Sierra de Aralar
Entre simas, pastos y antiguos caminos
Aquí, donde la caliza guarda la memoria del tiempo y el relieve se abre en simas que no conocen fondo, el tiempo se diluye bajo la sombra profunda del hayedo. En la Sierra de Aralar habita el murmullo secreto de las aguas que fluyen bajo la tierra y el pulso antiguo de los pastores que aún recorren mis alturas. Es un territorio de quietud y misterio, donde los dólmenes emergen como huellas de piedra y la montaña revela su identidad sin prisa a quien decide acompasarse a su ritmo.
Información general de Sierra de Aralar
La superficie de la sierra registra 208 kilómetros cuadrados de meseta escarpada, repartidos entre las comunidades de Navarra y el País Vasco.
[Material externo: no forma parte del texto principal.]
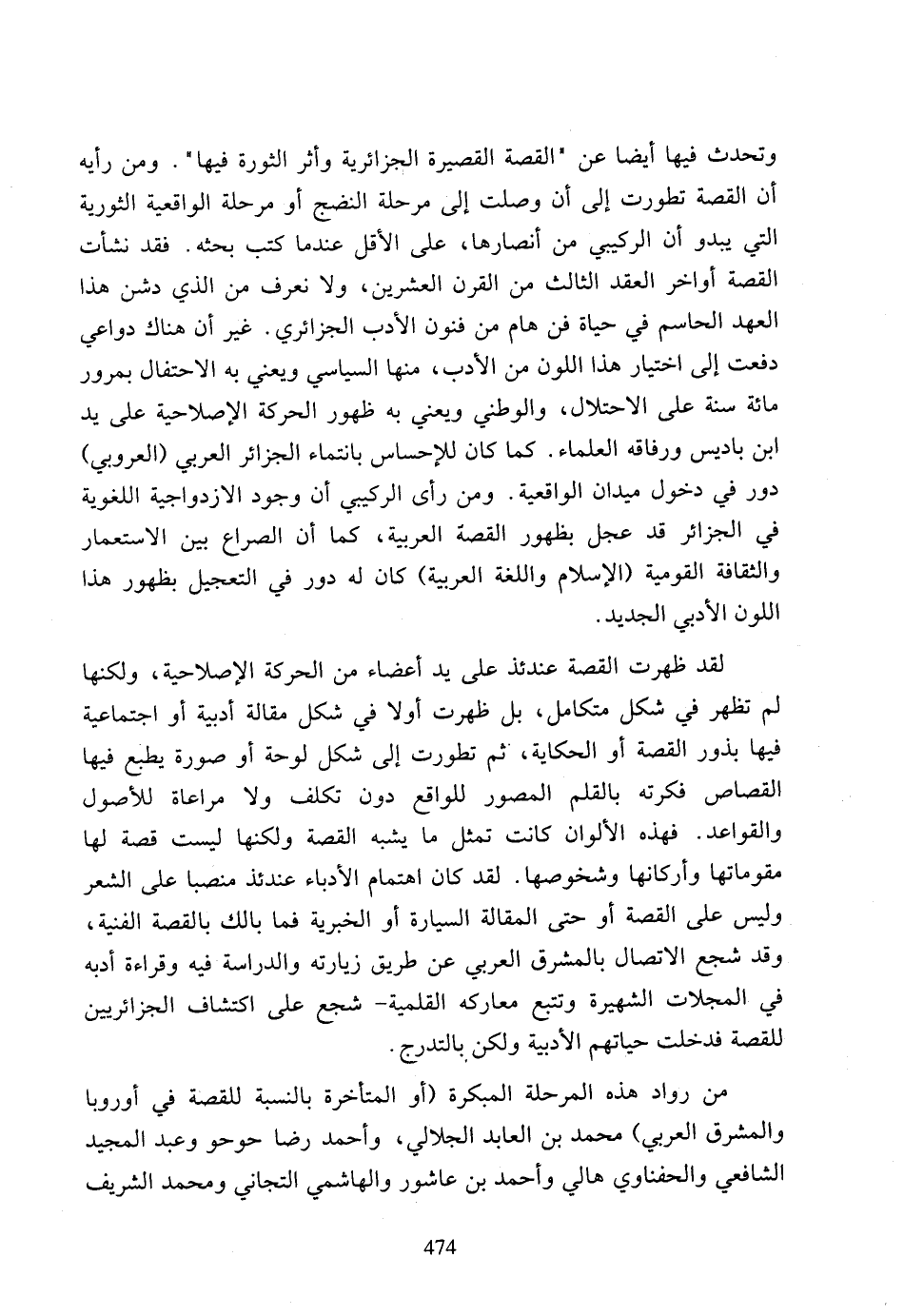 وتحدث فيها أيضا عن (القصة القعيرة الجزائرية وأثر الثورة فيها)، ومن رأيه أن القصة تطورت إلى أن وصلت إلى مرحلة النضج أو مرحلة الواقعية الثورية التي يبدو أن الركيبي من أنصارها، على الأقل عندما كتب بحثه، فقد نشأت القصة أواخر العقد الثالث من القرن العشرين، ولا نعرف من الذي دشن هذا العهد الحاسم في حياة فن هام من فنون الأدب الجزائري، غير أن هناك دواعي دفعت إلى اختيار هذا اللون من الأدب، منها السياسي ويعني به الاحتفال بمرور مائة سنة على الاحتلال، والوطني ويعني به ظهور الحركة الإصلاحية على يد ابن باديس ورفاقه العلماء، كما كان للإحساس بانتماء الجزائر العربي (العروبي) دور في دخول ميدان الواقعية، ومن رأى الركيبي أن وجود الازدواجية اللغوية

La identidad de Aralar se asienta sobre un gran macizo kárstico que constituye una divisoria hidrográfica fundamental, enviando sus aguas tanto hacia el Cantábrico como hacia el Mediterráneo.
Sus laderas registran la mayor concentración de dólmenes del Pirineo, con más de 400 monumentos megalíticos, rastro de una ocupación milenaria que convive con la vida rutinaria del pastoreo actual. Administrativamente, cuenta con figuras de protección como Parque Natural en el sector guipuzcoano y Zona de Especial Conservación (ZEC) en el navarro. La materia de su relieve sirve de morada a la oveja latxa, cuya leche es la base del queso Idiazabal, y a especies singulares como el quebrantahuesos o el visón europeo.
¿Cómo llegar a la Sierra de Aralar?
El tránsito hacia la Sierra de Aralar se registra a través de diversas puertas naturales que permiten observar la progresión del paisaje:
- Desde Navarra: El acceso principal se realiza desde Lekunberri a través de la carretera NA-7510, que asciende directamente hacia el Santuario de San Miguel de Aralar.
- Desde Gipuzkoa: Las localidades de Abaltzisketa y Ataun actúan como entradas principales hacia el territorio del Parque Natural.
¿Qué hacer en la Sierra de Aralar?
Aquí, cada rincón revela el encuentro entre la geología del agua, la espiritualidad y la memoria ancestral.
- Habitar el Santuario de San Miguel: Un espacio de observación románico situado a 1.232 metros que custodia un retablo de esmaltes del siglo XII y ofrece panorámicas de las sierras de Urbasa y Andía.
- Red de senderos: Un territorio para el senderismo y el montañismo a través de rutas balizadas como la Vuelta a Aralar (GR 20), el sendero accesible de Larraitz o el itinerario por el valle de Ata.
- Mundo subterráneo: La materia caliza registra multitud de simas y cuevas, destacando las Cuevas de Mendukilo en el sector navarro, acondicionadas para registrar la belleza del subsuelo.
- Ruta de los dólmenes: Un espacio para registrar la memoria prehistórica a través de monumentos como el dolmen de Albi, el de Txoritxoberri o el menhir de la Piedra de Roldán.
- Ascensión a cumbres: Registro de cimas emblemáticas como el Txindoki (Larrunarri) —referencia paisajística de primer orden— o el Irumugarrieta, su cota máxima.
- Observación de biodiversidad: Un espacio privilegiado para observar el hayedo más extenso de Gipuzkoa, los tejos centenarios de Navarra y el vuelo de grandes rapaces rupícolas.